When you are visiting Florida it is easy to forget its history.  It is easy to get lost in cities and beaches and theme parks. However, two hours North of Orlando, the oldest city in the United States sits quietly on the beach whispering of ghost stories and old wars.  St. Augustine’s history goes back to the very first European settlers in the Americas.  Its stories are as old and tortured as any and the history of Fort Matanzas bears witness to this.

Fort Matanzas is located on Rattlesnake Island just south of St. Augustine.  Fort Matanzas’ was closed when we visited.  Hurricane Irma had took its toll and the boat that transports visitors to Rattlesnake Island had been shut down and visitors banned.  We could not explore its haunted history or see it for ourselves, but its tragedies and ghost stories seem to resonate more because we were banned from going.

Although the current Fort Matanzas was built in 1742, its history is much older than that.  Matanzas means slaughter in Spanish and there is a reason the fort is named after a slaughter.  In 1562, when Spain and France were locked in a battle for Supremacy, King Phillip II of Spain learned that the French, under the leadership of Rene De Laudonniere had established a colony on Spanish land in Florida.   The French settlers were Protestants and Spain was the most devoutly Catholic country in Europe.  When King Phillip learned the settlers were Huguenots he acted fiercely.  After a series of battles and some political maneuvering, over 300 unarmed Huguenots were slaughtered after they failed to convert to Catholicism.  A few survived the massacre after converting to Catholicism, but most were slaughtered.  Thus the fort built on Rattlesnake Island and the River it guarded were both named Mantanzas after the slaughter. 

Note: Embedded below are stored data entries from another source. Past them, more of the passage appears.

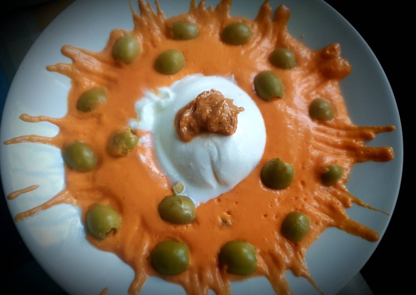 - Mientras se enfría nuestro salmorejo escurrimos bien nuestra burrata, cortamos en mitades las aceitunas y preparamos para emplatar. Ponemos el salmorejo, colocamos las aceitunas y la burrata en el centro con una cucharadita de pesto de nueces... a disfrutar!!!!
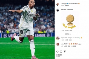 姆巴佩也在赛后晒出自己的庆祝照,并配文:“旧日的记忆。”
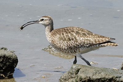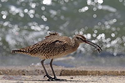 チュウシャクシギ これくらいのカニなら丸呑み |
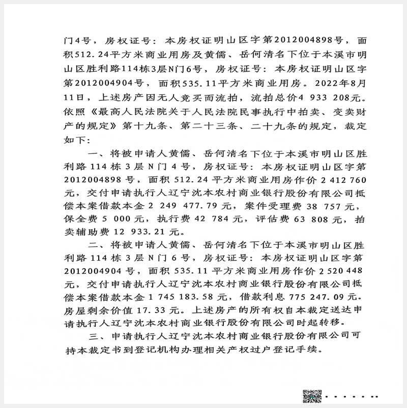 名稱:本溪市明山區(qū)勝利路11棟3層N門4號、6號房產(chǎn) 面積:1047.35㎡ 瀏覽次數(shù):560
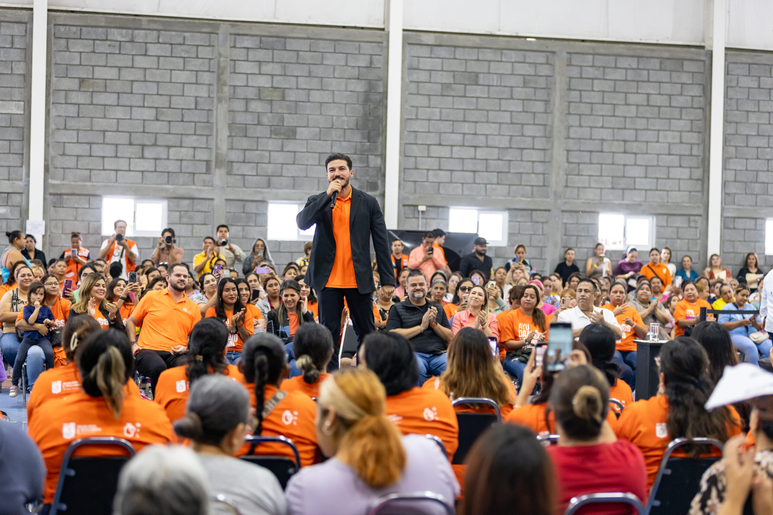 Cadereyta Jiménez, Nuevo León.- En el marco del Día Internacional para la Eliminación de la Violencia contra las Mujeres, el gobernador Samuel Alejandro García Sepúlveda encabezó en Cadereyta la entrega de tarjetas del programa “Ayudamos a las Mujeres”, iniciativa que busca fortalecer la autonomía económica de jefas de familia y cuidadoras mediante un apoyo mensual de 2 mil pesos, además de acompañamiento integral.
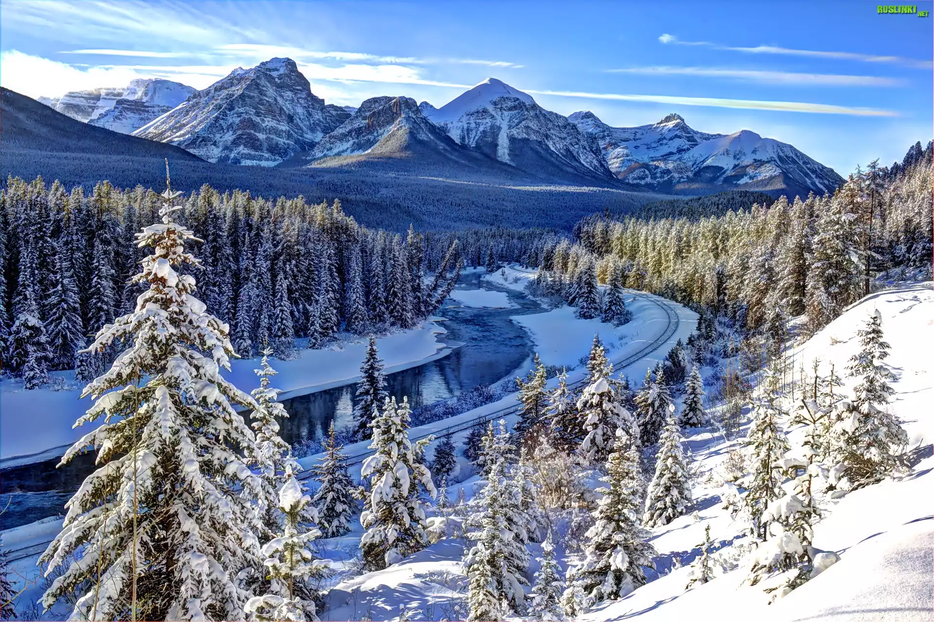Rośliny: Zima, Rzeka, Góry, Ośnieżone, Świerki
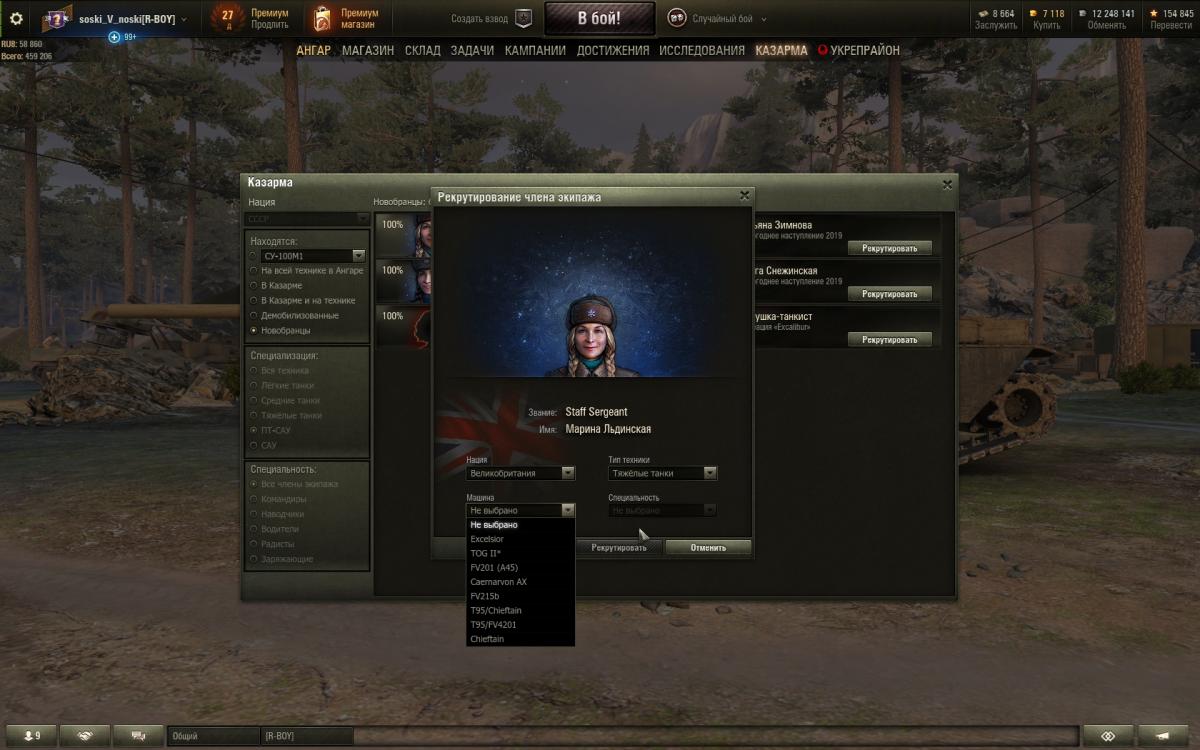 Получил за солдаты удачи танк T95/FV4201 Chieftain, так как тяжей Великобритании у меня нет, решил рекрутировать с нового года наградных девченок, но вот не задача, при выборе тяжелых танков Великобритании не все танки есть в списке. Конкретно мне был интересен Тяжёлый танк Churchill VII и его в списке выбор нет. http://cdn-frm-eu.wargaming.net/wot/ru/uploads/monthly_02_2019/post-16368032-0-83601100-1549553970_thumb.jpg
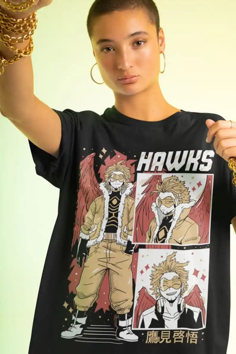Dive into the world of My Hero Academia with this bold Hawks Style Tee, showcasing Keigo Takami in his iconic hero attire. Perfect for fans who admire his swift moves and charismatic personality, this shirt captures Hawks’ essence with vibrant artwork and striking details that make it stand out in any crowd. Designed for comfort and style, it’s a must-have for any anime lover looking to add some hero flair to their wardrobe.
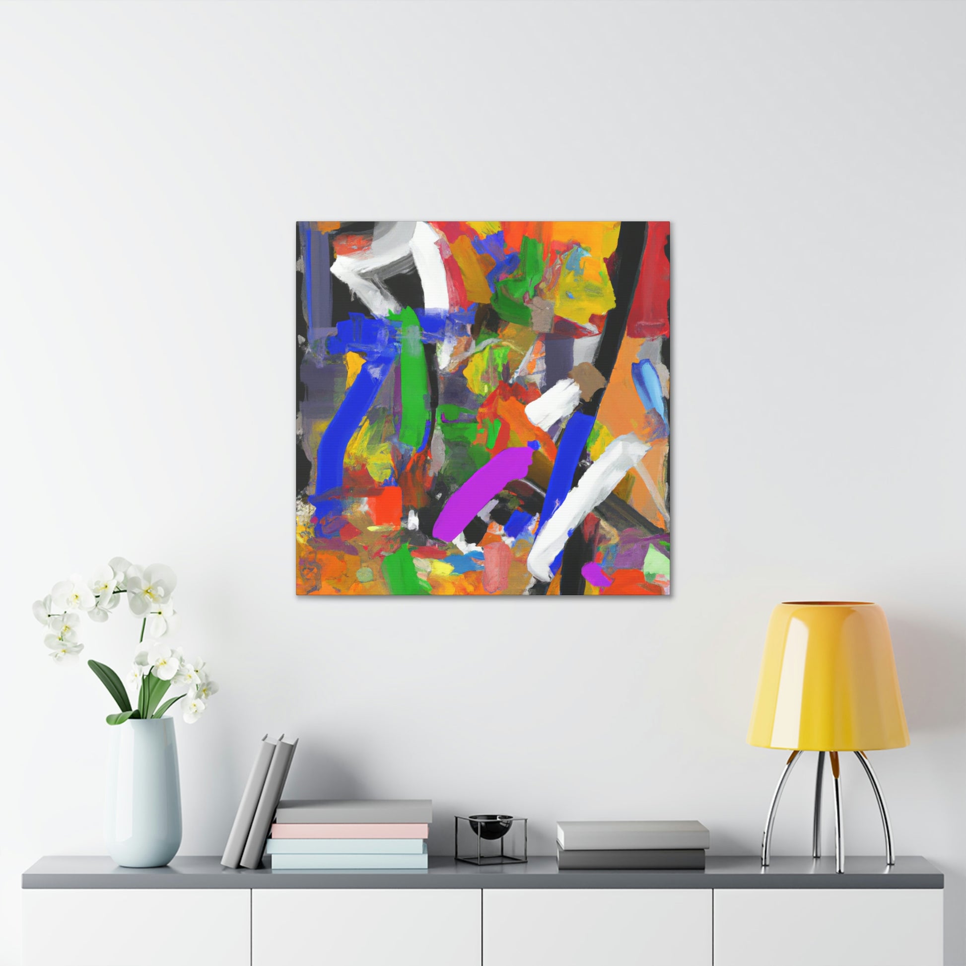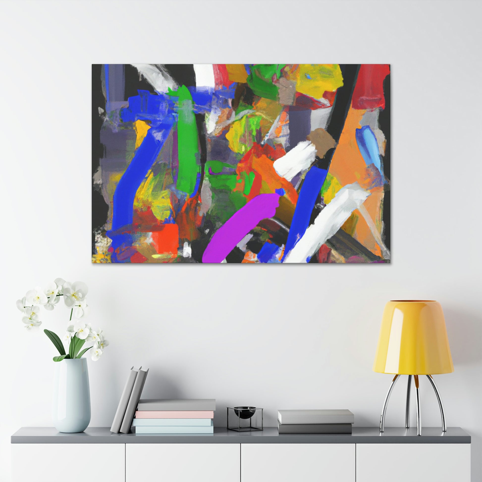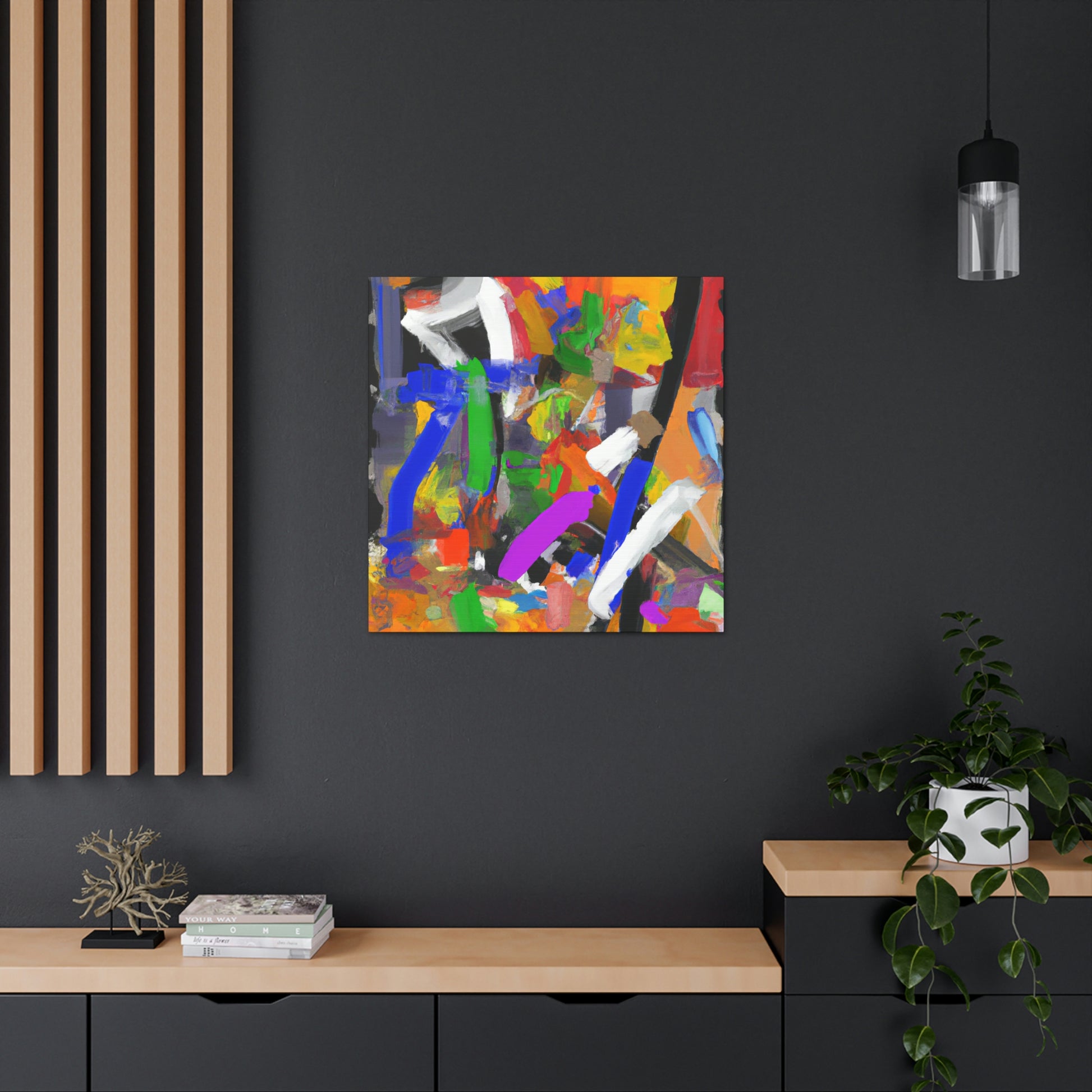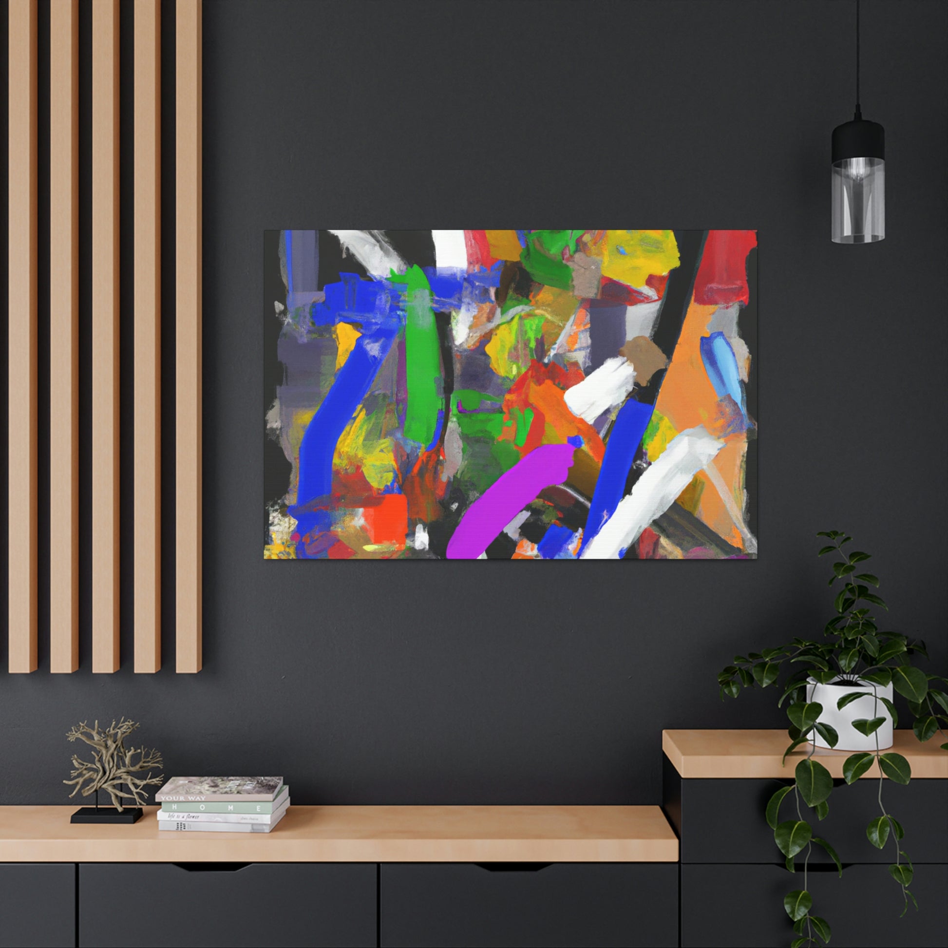 This vibrant abstract office painting will bring life to your workspace! This eye-catching piece of art is perfect for the home or professional office, with its unique design and various colors that help to create a positive atmosphere. The painting is sure to generate conversation and provide an uplifting energy in any room. It is printed on quality materials and perfect for adding a wow factor to your décor. #abstract #art #officeart #painting #canvas #contemporaryart #modernart #workspace #homedecor #wallart #interiordesign and #design

Death followed the Small Island and fort after that.  The current Fort, built in 1745, saw many skirmishes and deaths as the land transferred from the Spanish to the British to the Americans.  During its brief period of use this stone, Gothic fort was used to house convicts, slaves, and prisoners.  After the Americans took the fort it was never used as a fort and quickly fell into disrepair until the National Park Service took over. 

Now, it is visited by tourists and its dark history is mostly a memory.  Those who visit at night, however, see its history in the ghosts that wander the island.  They report seeing phantom orbs and strange lights.  Faces linger beneath the water and shadows wander the corners of the old fort.  Its history still lives there in the phantoms that wander its shores.